Work to complete: What are the lines, word for word, from the line with "PICTURES OF THE" up to and including the line with "Primer Grey 400ml" in the records below? Omit the pictures.

Material shown:

========================

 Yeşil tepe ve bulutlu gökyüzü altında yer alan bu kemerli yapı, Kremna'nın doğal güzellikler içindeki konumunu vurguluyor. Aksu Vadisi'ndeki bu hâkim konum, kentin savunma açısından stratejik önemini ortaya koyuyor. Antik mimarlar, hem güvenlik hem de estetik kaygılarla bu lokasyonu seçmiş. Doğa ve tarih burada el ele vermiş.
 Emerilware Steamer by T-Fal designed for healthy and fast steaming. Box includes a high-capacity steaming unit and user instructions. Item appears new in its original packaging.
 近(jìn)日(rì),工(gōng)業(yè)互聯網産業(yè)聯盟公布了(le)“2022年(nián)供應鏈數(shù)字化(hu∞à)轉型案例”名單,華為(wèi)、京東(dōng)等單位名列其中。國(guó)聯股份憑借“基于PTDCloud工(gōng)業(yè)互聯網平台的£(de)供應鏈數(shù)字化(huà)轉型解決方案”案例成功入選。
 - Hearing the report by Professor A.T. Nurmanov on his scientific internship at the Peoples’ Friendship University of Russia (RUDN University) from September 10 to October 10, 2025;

========================

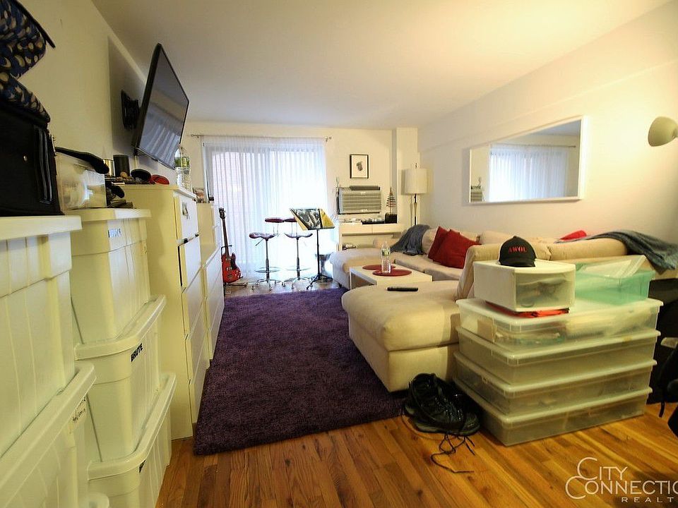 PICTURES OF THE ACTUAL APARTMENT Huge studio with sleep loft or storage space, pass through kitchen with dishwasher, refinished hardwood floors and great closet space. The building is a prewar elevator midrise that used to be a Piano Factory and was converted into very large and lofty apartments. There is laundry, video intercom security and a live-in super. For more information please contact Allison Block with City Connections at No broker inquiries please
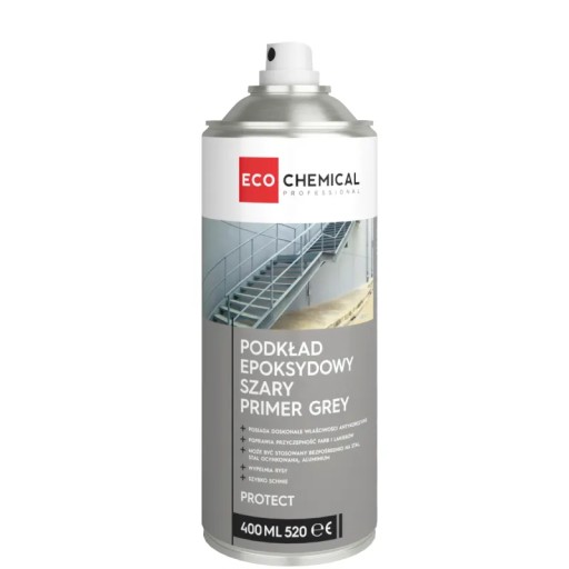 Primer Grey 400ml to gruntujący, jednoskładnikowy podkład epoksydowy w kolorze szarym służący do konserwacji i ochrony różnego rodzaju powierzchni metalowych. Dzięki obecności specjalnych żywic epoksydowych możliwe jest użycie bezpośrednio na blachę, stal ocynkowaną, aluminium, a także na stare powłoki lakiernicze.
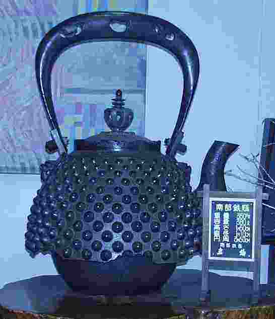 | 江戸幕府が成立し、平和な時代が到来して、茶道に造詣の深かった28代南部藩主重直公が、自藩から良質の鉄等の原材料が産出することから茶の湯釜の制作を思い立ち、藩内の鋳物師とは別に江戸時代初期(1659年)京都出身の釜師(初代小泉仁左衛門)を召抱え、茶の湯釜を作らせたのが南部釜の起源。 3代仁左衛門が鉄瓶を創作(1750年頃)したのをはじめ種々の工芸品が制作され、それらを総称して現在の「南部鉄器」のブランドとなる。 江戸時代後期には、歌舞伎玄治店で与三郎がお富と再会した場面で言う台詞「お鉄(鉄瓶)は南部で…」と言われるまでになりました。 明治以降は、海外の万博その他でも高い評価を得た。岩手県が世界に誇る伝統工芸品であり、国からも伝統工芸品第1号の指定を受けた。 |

========================

Exercise output:
 PICTURES OF THE ACTUAL APARTMENT Huge studio with sleep loft or storage space, pass through kitchen with dishwasher, refinished hardwood floors and great closet space. The building is a prewar elevator midrise that used to be a Piano Factory and was converted into very large and lofty apartments. There is laundry, video intercom security and a live-in super. For more information please contact Allison Block with City Connections at No broker inquiries please
 Primer Grey 400ml to gruntujący, jednoskładnikowy podkład epoksydowy w kolorze szarym służący do konserwacji i ochrony różnego rodzaju powierzchni metalowych. Dzięki obecności specjalnych żywic epoksydowych możliwe jest użycie bezpośrednio na blachę, stal ocynkowaną, aluminium, a także na stare powłoki lakiernicze.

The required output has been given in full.